3. Who funded the creation of the dataset? If there is an associated grant, please provide the name of the grantor and the grant name and number.
This project was funded, in part, by the Wyss Center via a grant to PI Mathis.
4. Any other comments? No.
Composition
1. What do the instances that comprise the dataset represent (e.g. documents, photos, people, countries)? Are there multiple types of instances (e.g. movies, users, and ratings; people and interactions between them; nodes and edges)? Please provide a description.
The instances in our dataset represent 3D volumetric segments, extracted from mesoSPIM scans of mouse brains. Each instance is essentially a three-dimensional image that has been carefully hand-cropped mainly from the somatosensory and visual cortex of the scanned data. In each of these 3D volumes, TPH2 cells are identified and labeled.
2. How many instances are there in total (of each type, if appropriate)?
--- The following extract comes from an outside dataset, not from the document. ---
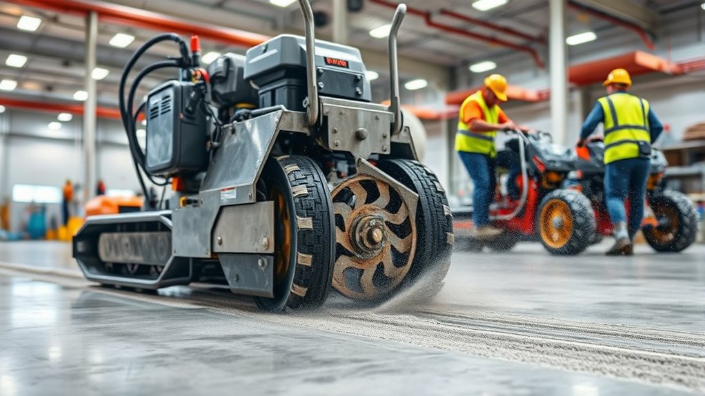 Have you ever wondered how much dust a concrete scarifier generates and whether it’s effectively contained during operation? Dust collection efficiency is vital for a cleaner, safer workspace. High-quality systems use vacuum attachments or shrouds to trap over 95% of dust, considerably reducing airborne particles. Ensuring a proper seal around the shroud and tight-fitting vacuum hoses is essential to prevent leaks and maximize dust capture. Regular maintenance of these components keeps the system working at peak performance and prevents clogging. Some advanced models even feature HEPA filters, which trap the finest dust particles, improving air quality and operator safety. When choosing a machine, look for a high-efficiency dust collection system that minimizes mess and health risks, making your project safer and more efficient.

There are six 3D volumetric segments that contain a total of 2638 TPH2 positive cells identified and labeled in 3D.
3. Does the dataset contain all possible instances or is it a sample (not necessarily random) of instances from a larger set? If the dataset is a sample, then what is the larger set? Is the sample representative of the larger set (e.g. geographic coverage)? If so, please describe how this representativeness was validated/verified. If it is not representative of the larger set, please describe why not (e.g. to cover a more diverse range of instances, because instances were withheld or unavailable).
The dataset provided is a subset of the available whole-brain sample, selected from larger raw volumetric data obtained from mesoSPIM scans of mouse brains. This selection primarily consists of 3D volumes cropped mainly from the somatosensory and visual cortex regions, where the TPH2 cells are labeled meticulously. The broader dataset from which these instances were extracted represents scans of whole mouse brains. However, due to the immense volume of the entire scanned data, creating a manageable and focused dataset was key for addressing specific research questions and computational manageability.
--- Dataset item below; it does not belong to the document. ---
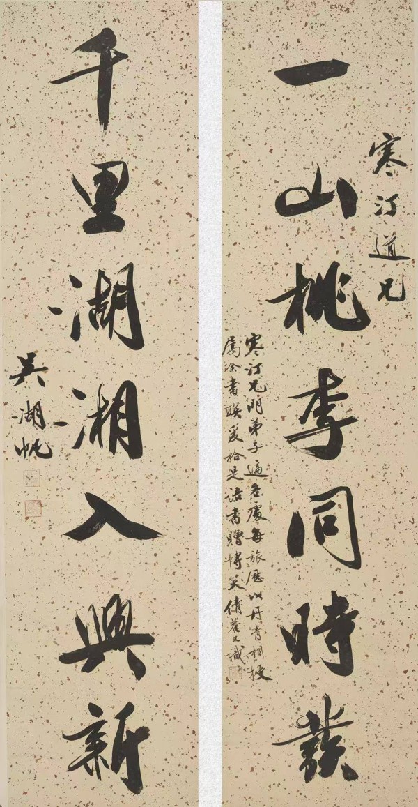 当然,由于江寒汀为人谦和,且富热忱,所以和画院其他画师关系都不错,比如吴湖帆,早在40年代就交往颇多,江寒汀的多幅《百鸟百卉图》卷和册页,都有吴湖帆的引首和题跋,还特地撰联以赞扬江寒汀收徒之多。

4. What data does each instance consist of? ‘Raw’ data (e.g. unprocessed text or images) or features? In either case, please provide a description.
Each instance in the dataset consists of ‘raw’ 3D volumetric data derived from mesoSPIM scans of mouse brains, specifically focusing on the somatosensory cortex and vision cortex regions. The instances are essentially unprocessed and maintain the integrity of the original scanned data.
5. Is there a label or target associated with each instance? If so, please provide a description.
Yes, each instance in the dataset is human-annotated with masks. There are no categories or text associated with the masks.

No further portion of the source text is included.